This ensures the synchronization and the execution of
the stop test:

::

      if(sum <= epsilon) break;

Observe that although the entire matrix ``A`` is shared between
all threads, each threads needs only ``n/p`` columns of the matrix.
In the MPI version of the method of Jacobi, entire rows of the matrix
were distributed among the processors.  If we were to make a distributed
memory version of the OpenMP code, then we would distribute entire columns
of the matrix ``A`` over the processors.

Running times obtained via the command ``time``
on a 12-core Intel X5690 at 3.47 GHz, are in :numref:`tabtimegsomp`.

.. _tabtimegsomp:

.. table:: Times of a parallel Gauss-Seidel with OpenMP

   +-----+--------+-----------+-----------+--------+---------+
   | *p* | *n*    | real      | user      | sys    | speedup |
   +=====+========+===========+===========+========+=========+
   | 1   | 10,000 |    7.165s |    6.921s | 0.242s |         |
   +-----+--------+-----------+-----------+--------+---------+
   |     | 20,000 |   28.978s |   27.914s | 1.060s |         |
   +-----+--------+-----------+-----------+--------+---------+
   |     | 30,000 | 1m 6.491s | 1m 4.139s | 2.341s |         |
   +-----+--------+-----------+-----------+--------+---------+
   | 2   | 10,000 |  4.243s   |    7.621s | 0.310s |  1.689  |
   +-----+--------+-----------+-----------+--------+---------+
   |     | 20,000 | 16.325s   |   29.556s | 1.066s |  1.775  |
   +-----+--------+-----------+-----------+--------+---------+
   |     | 30,000 | 36.847s   | 1m 6.831s | 2.324s |  1.805  |
   +-----+--------+-----------+-----------+--------+---------+
   | 5   | 10,000 |  2.415s   |    9.440s | 0.420s |  2.967  |
   +-----+--------+-----------+-----------+--------+---------+
   |     | 20,000 |  8.403s   |   32.730s | 1.218s |  3.449  |
   +-----+--------+-----------+-----------+--------+---------+
   |     | 30,000 | 18.240s   | 1m 11.031s| 2.327s |  3.645  |
   +-----+--------+-----------+-----------+--------+---------+
   |10   | 10,000 |  2.173s   |   16.241s | 0.501s |  3.297  |
   +-----+--------+-----------+-----------+--------+---------+
   |     | 20,000 |  6.524s   |   45.629s | 1.521s |  4.442  |
   +-----+--------+-----------+-----------+--------+---------+
   |     | 30,000 | 13.273s   | 1m 29.687s| 2.849s |  5.010  |
   +-----+--------+-----------+-----------+--------+---------+

Solving the Heat Equation
-------------------------

We will be applying a time stepping method to the
heat or diffusion equation:

.. math::

   \frac{\partial^2 u}{\partial x^2}
   + \frac{\partial^2 u}{\partial y^2}
   = \frac{\partial u}{\partial t}

models the temperature distribution :math:`u(x,y,t)`
evolving in time :math:`t` for :math:`(x,y)` in some domain.

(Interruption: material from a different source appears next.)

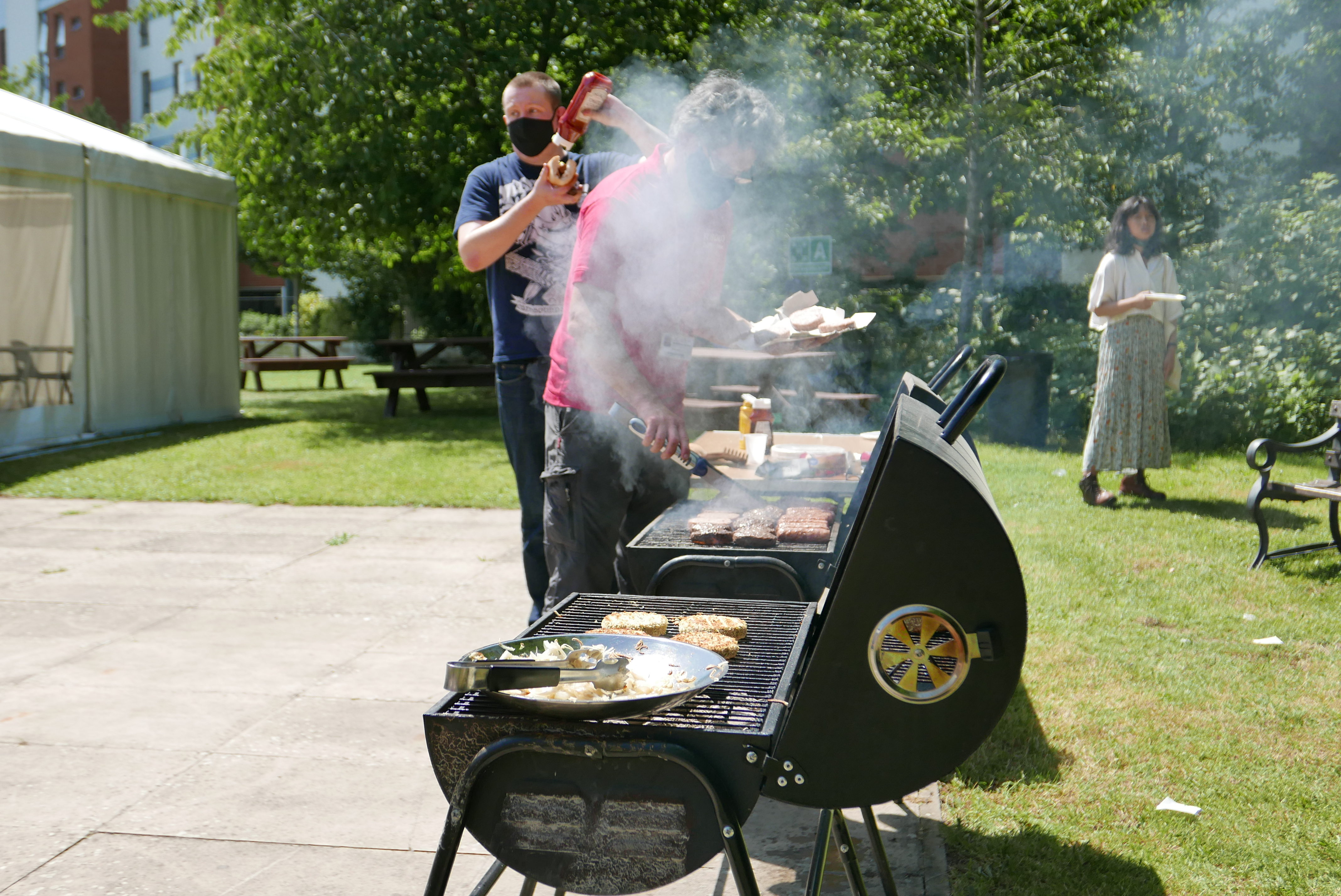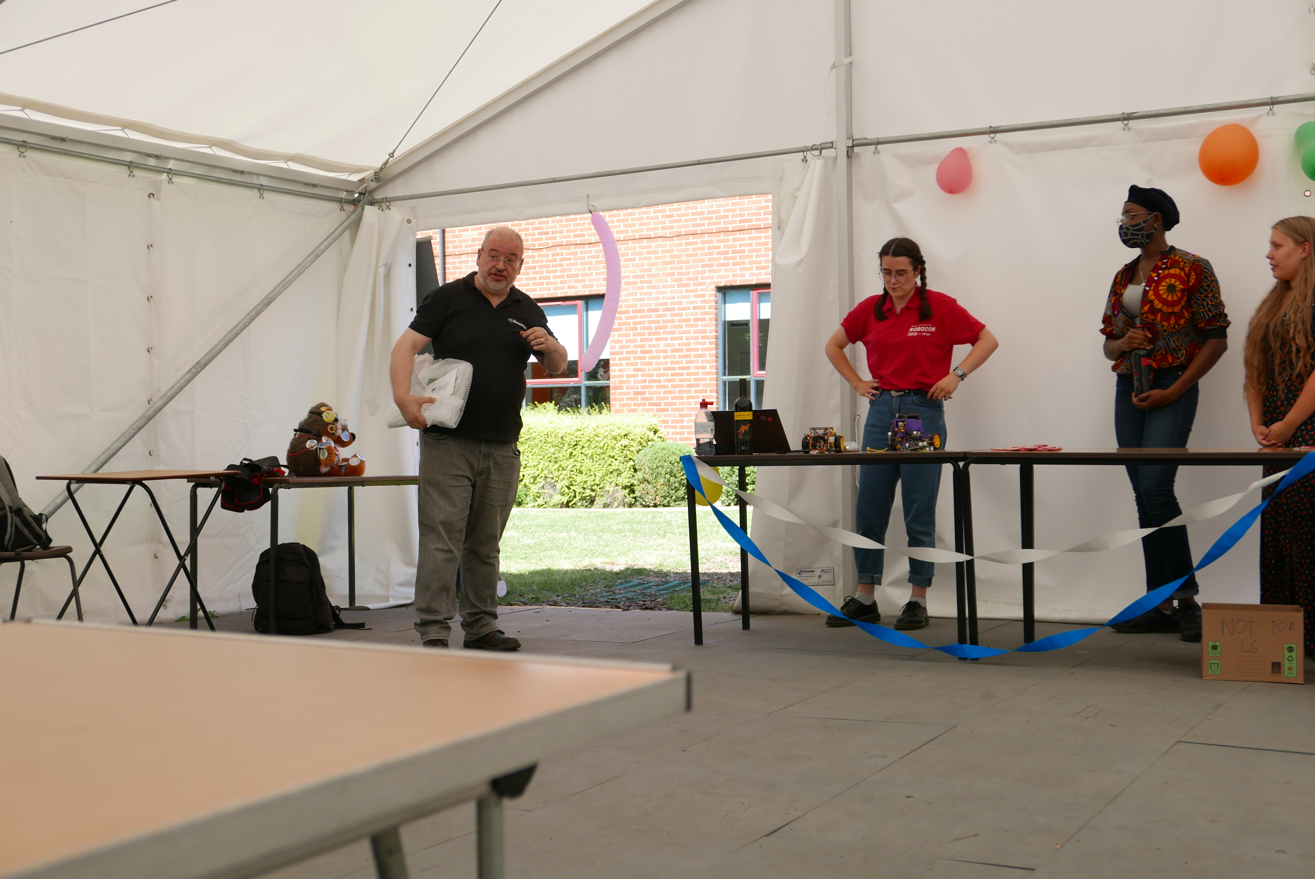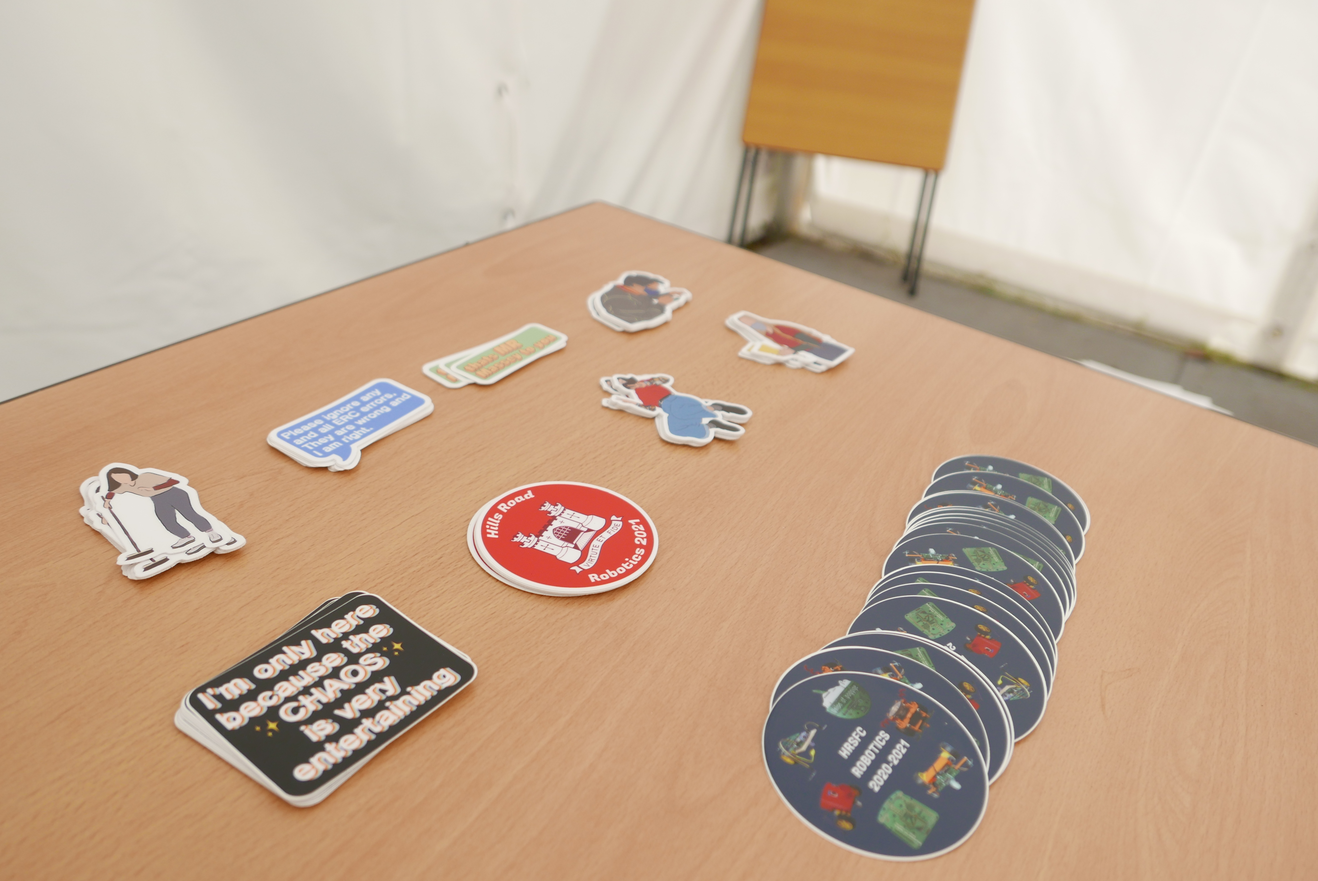 After the competition had been wrapped up, everyone made their way outside for a barbecue, as well as a chance to catch up with the alumni who had turned up, presumably for the free food. All of the robots were displayed for people to admire, along with a variety of badges and stickers created by the upper sixth.

Related Partial Differential Equations (PDEs) are

.. math::

   \frac{\partial^2 u}{\partial x^2}
   + \frac{\partial^2 u}{\partial y^2} = 0
   \quad {\rm and} \quad
   \frac{\partial^2 u}{\partial x^2}
   + \frac{\partial^2 u}{\partial y^2} = f(x,y),

respectively called the Laplace and Poisson equations.

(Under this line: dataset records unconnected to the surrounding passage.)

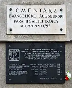 - 54/58 Młynarska Street – another plaque on the wall of the Evangelical cemetery (by the gate) commemorates soldiers of the Pięść Battalion who died in the battles for the Wola cemeteries.
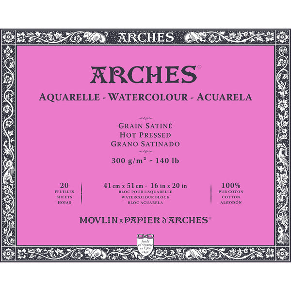Arches Watercolour 300 Gsm Hot Pressed Natural White 41 X 51 Cm Paper Blocks- 20 Sheets
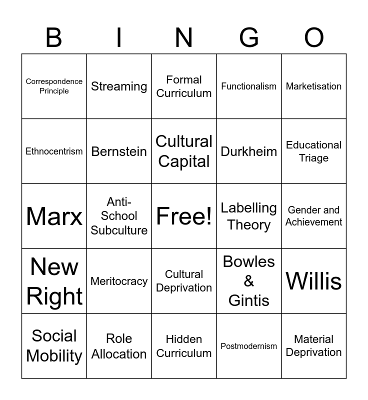 This bingo card has a free space and 25 words: Meritocracy, Hidden Curriculum, Cultural Capital, Social Mobility, Marketisation, Correspondence Principle, Ethnocentrism, Streaming, Labelling Theory, Cultural Deprivation, Durkheim, Marx, Bowles & Gintis, Willis, Bernstein, Bourdieu, Gender and Achievement, Formal Curriculum, Educational Triage, Anti-School Subculture, Material Deprivation, Role Allocation, New Right, Functionalism and Postmodernism.
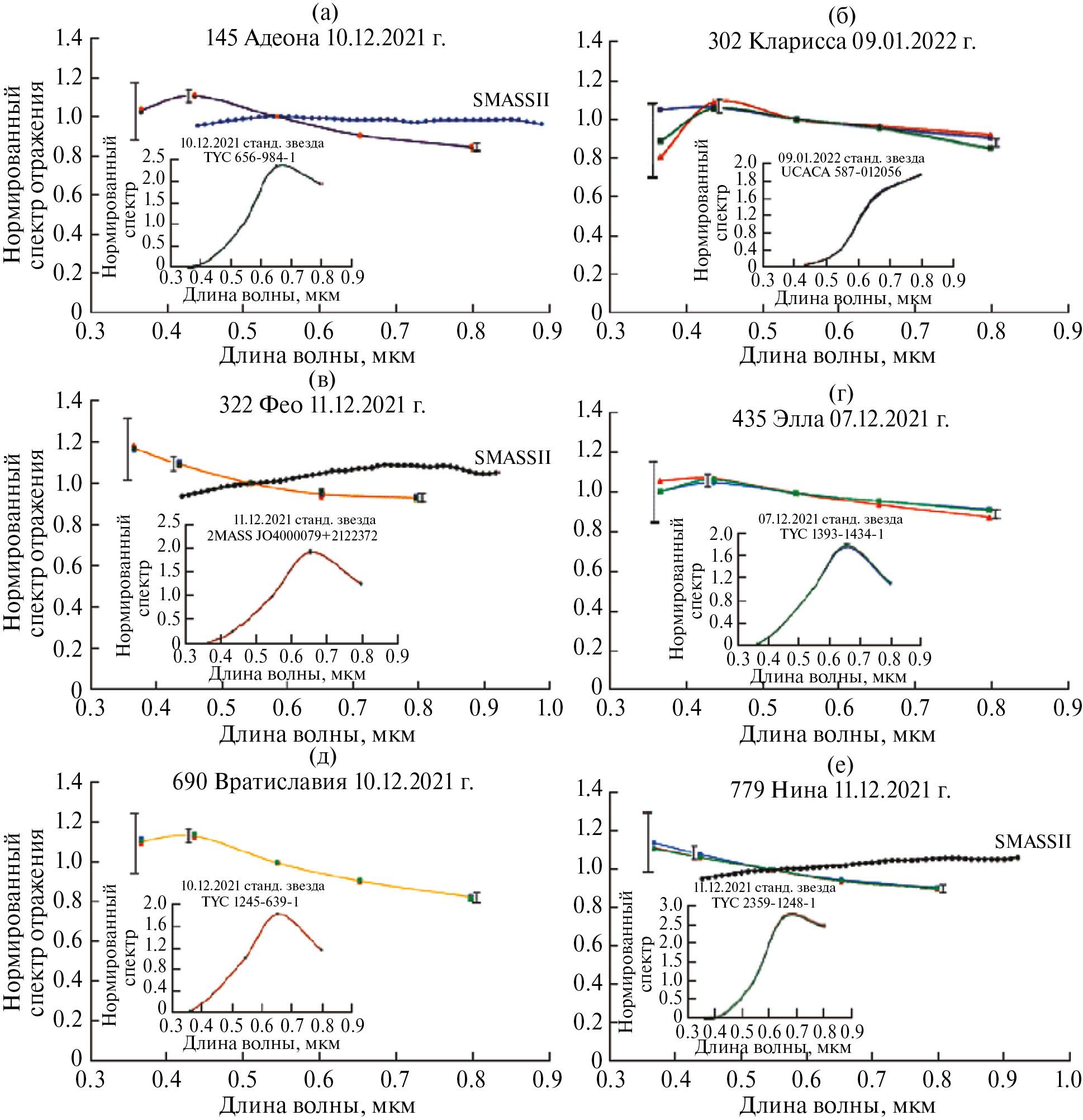 Рис. 2. Нормированные (на длине волны 0.55 мкм) аппроксимированные спектры отражения астероидов: (а) – 145 Адеона; (б) – 302 Кларисса; (в) – 322 Фео; (г) – 435 Элла; (д) – 690 Вратиславия; (е) – 779 Нина (Бусарев и др., 2023). Три последовательных спектра отражения каждого астероида изображены разными цветами. Для контроля стабильности фотометрических наблюдательных условий на вставках на каждом графике также показаны по три нормированных на длине волны 0.55 мкм последовательных спектра (практически совпадающих по причине хороших наблюдательных условий) контрольных непеременных звезд с общих с астероидами ПЗС-кадров.

For the discretization of the derivatives, consider
that at a point :math:`(x_0,y_0,t_0)`, we have

.. math::

   \left. \frac{\partial u}{\partial x} \right|_{(x_0,y_0,t_0)}
   = \lim_{h \rightarrow 0} ~
     \underbrace{\frac{u(x_0+h,y_0,t_0) - u(x_0,y_0,h)}{h}}_{u_x(x_0,y_0,t_0)}

so for positive :math:`h \approx 0`,
:math:`\displaystyle u_x(x_0,y_0,t_0) \approx
\left. \frac{\partial u}{\partial x} \right|_{(x_0,y_0,t_0)}`.

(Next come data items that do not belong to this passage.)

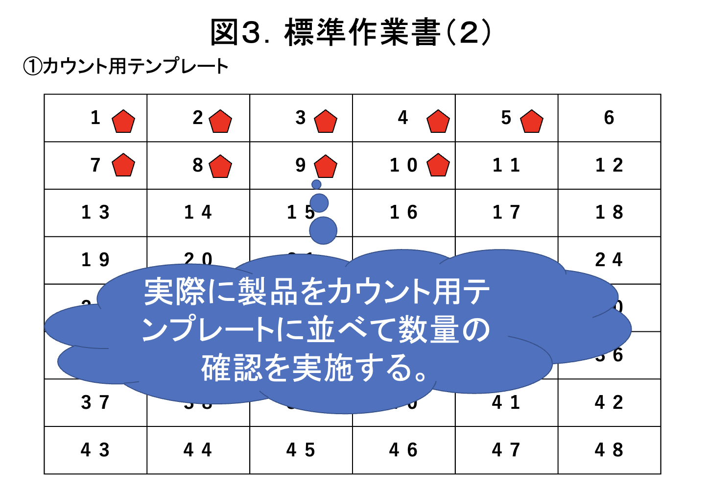 正しく数えることは簡単ではない。こういうと首をかしげる人がいるが、物流経験者であれば身に染みて実感していることだろう。誤数を避けるためにはトレーに一度製品を並べて指差呼称にて数量を確認したり、カウント用テンプレートを指定し、それを必ず使用したりすることを定めておこう。併せて20個以上の場合には必ず5個単位で数量カウントを実施するといったルールもお勧めだ。
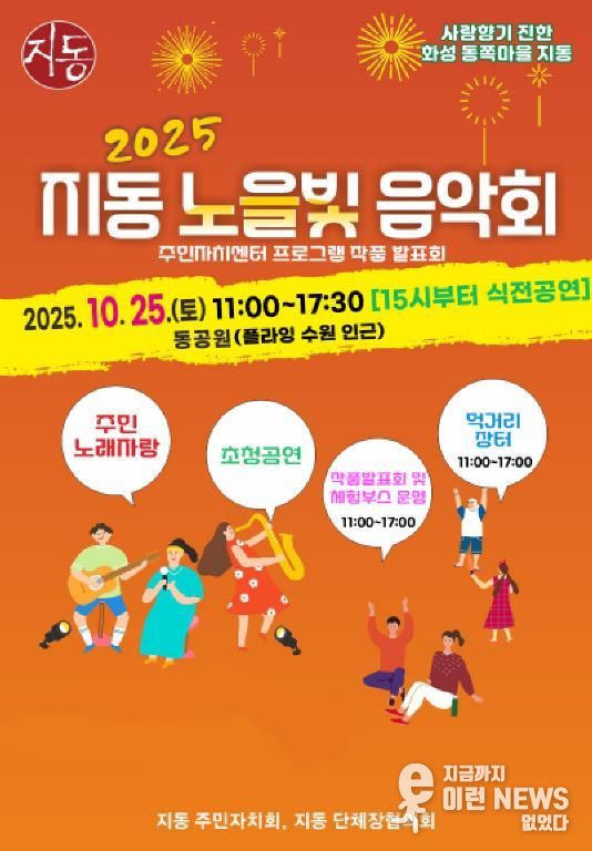 이런뉴스(e-runnews) 김삼성 기자 | 오는 10월 25일, 수원시 팔달구 지동 동공원(지동 267-12)에서 활력 넘치는 가을날을 아름다운 음악과 주민들의 열정으로 채울 특별한 축제, ‘2025 지동 노을빛 음악회·주민자치센터 작품발표회’가 열린다.
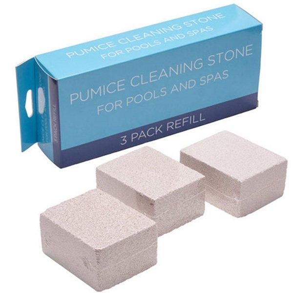 A pumice stone is a natural volcanic stone used on ceramic tile, concrete or plaster surfaces to rub away both main types of pool scale. It’s effective and fun to use (it floats!). However, it wears thin quickly and can make a mess. When using a pumice stone, make sure to keep both the stone and the surface you are cleaning wet at all times to prevent scratching.

For the second derivative we use
the finite difference :math:`u_{xx}(x_0,y_0,t_0)`

.. math::

   \begin{array}{rcl}
   \!\!\!  & = & {\displaystyle \frac{1}{h} \left(
       \frac{u(x_0 + h,y_0,t_0) - u(x_0,y_0,t_0)}{h} 
             - \frac{u(x_0,y_0,t_0) - u(x_0-h,y_0,t_0)}{h} \right)} \\
   \!\!\!  & = & {\displaystyle
     \frac{u(x_0 + h,y_0,t_0) - 2 u(x_0,y_0,t_0) + u(x_0-h,y_0,t_0)}{h^2}}.
   \end{array}


Time stepping is then done along the formulas:`

.. math::

   \begin{array}{rcl}
     u_t(x_0,y_0,t_0)
     & = & {\displaystyle \frac{u(x_0,y_0,t_0+h) - u(x_0,y_0,t_0)}{h}} \\
     u_{xx}(x_0,y_0,t_0)
     & = & {\displaystyle \frac{u(x_0+h,y_0,t_0) - 2 u(x_0,y_0,t_0)
             + u(x_0-h,y_0,t_0)}{h^2}} \\
     u_{yy}(x_0,y_0,t_0)
     & = & {\displaystyle \frac{u(x_0,y_0+h,t_0) - 2 u(x_0,y_0,t_0)
             + u(x_0,y_0-h,t_0)}{h^2}}
   \end{array}

Then the equation :math:`\displaystyle \frac{\partial u}{\partial t} =
\frac{\partial^2 u}{\partial x^2} + \frac{\partial^2 u}{\partial y^2}`
becomes

.. math::

   \begin{array}{rcl}
   u(x_0,y_0,t_0+h) & \!\! = \!\! & u(x_0,y_0,t_0) \\
   & \!\! + \!\! 
   & {\displaystyle \frac{1}{h} ~ \left[ ~ u(x_0+h,y_0,t_0) + u(x_0-h,y_0,t_0) \right.} \\
   & \!\! + \!\!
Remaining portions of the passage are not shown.